2025-06-06 Thread Frédéric Yhuel




On 6/5/25 23:52, Tom Lane wrote:

The idea of treating lack of MCELEM differently from complete
lack of stats still seems to have merit, though.



Couldn't we count / estimate the number of distinct two-by-two elements, 
and use that instead of the default selectivity estimate?





Re: Poor row estimates from planner, stat `most_common_elems` sometimes missing for a text[] column

2025-06-06 Thread Tom Lane
Mark Frost  writes:
> Actually *any* most_common_elems stats would be fine, because the reasoning 
> is:
>   *   If the searched element is in most_common_elems we know it's frequency
>   *   If it's not, it's less frequent than the least most_common_elems
> So in our case when every row is unique, we'd only actually need stats to 
> record a single most_common_elems (if only it would record one)

Well, we don't have a most common element in this scenario --- the
whole point is that the occurrence counts resulting from the lossy
counting algorithm are too low to be trustworthy.  However, what we
do have is the cutoff frequency, and it seems to me that we could use
that as the estimate of the maximum frequency of the non-MCEs.

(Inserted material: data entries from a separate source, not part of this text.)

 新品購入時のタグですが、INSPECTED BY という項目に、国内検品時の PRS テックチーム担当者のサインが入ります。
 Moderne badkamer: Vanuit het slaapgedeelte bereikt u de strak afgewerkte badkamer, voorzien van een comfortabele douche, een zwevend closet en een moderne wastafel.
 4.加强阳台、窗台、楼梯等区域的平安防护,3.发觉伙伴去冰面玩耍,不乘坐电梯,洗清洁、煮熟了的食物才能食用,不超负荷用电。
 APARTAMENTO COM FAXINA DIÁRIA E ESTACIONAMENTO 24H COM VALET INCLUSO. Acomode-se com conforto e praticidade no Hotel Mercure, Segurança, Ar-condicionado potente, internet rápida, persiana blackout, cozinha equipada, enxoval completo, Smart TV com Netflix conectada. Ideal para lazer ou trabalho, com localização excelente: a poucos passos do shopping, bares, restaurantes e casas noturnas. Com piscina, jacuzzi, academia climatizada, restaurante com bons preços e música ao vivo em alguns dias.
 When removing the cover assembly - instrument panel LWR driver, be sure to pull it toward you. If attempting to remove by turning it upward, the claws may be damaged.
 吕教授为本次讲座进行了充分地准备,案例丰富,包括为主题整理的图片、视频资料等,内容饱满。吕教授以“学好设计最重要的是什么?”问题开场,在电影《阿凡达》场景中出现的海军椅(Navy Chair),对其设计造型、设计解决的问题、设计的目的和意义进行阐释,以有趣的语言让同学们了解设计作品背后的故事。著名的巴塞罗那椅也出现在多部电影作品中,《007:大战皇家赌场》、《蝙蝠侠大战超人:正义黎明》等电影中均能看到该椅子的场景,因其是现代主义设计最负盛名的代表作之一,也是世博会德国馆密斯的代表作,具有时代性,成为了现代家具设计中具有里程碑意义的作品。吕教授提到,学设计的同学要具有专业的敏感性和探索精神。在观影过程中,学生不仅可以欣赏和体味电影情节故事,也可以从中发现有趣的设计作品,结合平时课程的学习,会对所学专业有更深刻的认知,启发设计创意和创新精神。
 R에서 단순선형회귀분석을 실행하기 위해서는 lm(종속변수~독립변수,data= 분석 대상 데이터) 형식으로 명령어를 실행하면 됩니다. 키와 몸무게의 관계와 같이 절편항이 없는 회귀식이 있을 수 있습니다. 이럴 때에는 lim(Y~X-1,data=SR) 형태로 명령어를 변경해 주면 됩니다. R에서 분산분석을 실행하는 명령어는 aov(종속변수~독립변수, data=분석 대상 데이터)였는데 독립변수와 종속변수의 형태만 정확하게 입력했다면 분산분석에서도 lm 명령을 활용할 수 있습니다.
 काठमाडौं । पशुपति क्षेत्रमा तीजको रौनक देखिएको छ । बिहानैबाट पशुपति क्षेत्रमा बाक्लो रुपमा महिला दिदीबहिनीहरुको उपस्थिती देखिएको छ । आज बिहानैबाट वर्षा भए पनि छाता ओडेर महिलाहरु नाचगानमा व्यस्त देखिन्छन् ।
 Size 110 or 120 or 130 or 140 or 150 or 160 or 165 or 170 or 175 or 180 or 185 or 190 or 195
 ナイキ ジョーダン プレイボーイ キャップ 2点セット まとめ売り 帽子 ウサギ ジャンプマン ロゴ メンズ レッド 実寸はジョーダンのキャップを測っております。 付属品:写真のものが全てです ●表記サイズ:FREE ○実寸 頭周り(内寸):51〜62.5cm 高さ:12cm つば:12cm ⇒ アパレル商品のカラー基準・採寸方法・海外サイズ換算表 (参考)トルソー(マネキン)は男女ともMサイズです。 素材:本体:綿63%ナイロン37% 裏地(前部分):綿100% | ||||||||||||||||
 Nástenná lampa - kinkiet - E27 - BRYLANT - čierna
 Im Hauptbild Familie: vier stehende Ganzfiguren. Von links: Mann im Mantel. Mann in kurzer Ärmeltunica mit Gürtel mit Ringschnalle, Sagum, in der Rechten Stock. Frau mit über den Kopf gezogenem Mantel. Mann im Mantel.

Attached is an extremely crude prototype patch for that.  What it
does is to create an MCELEM stats entry with zero MCEs, but containing
min and max frequencies equal to the cutoff frequency (plus the nulls
frequency, which we know accurately in any case).  Mark, this fixes
your example case, but I wonder if it fixes your original problem ---
are you in a position to test it?

Assuming we like this direction, the main thing that makes this a hack
not a polished patch is that I had to strongarm the code into storing
a zero-length values array.  What update_attstats would normally do
is leave the values column of the MCELEM stats slot NULL, which then
causes get_attstatsslot to throw a that-shouldn't-be-null error.
An alternative answer is to change get_attstatsslot to allow a null,
but I'm not sure that that's any cleaner.  Either way it seems like
there's a hazard of breaking some code that isn't expecting the case.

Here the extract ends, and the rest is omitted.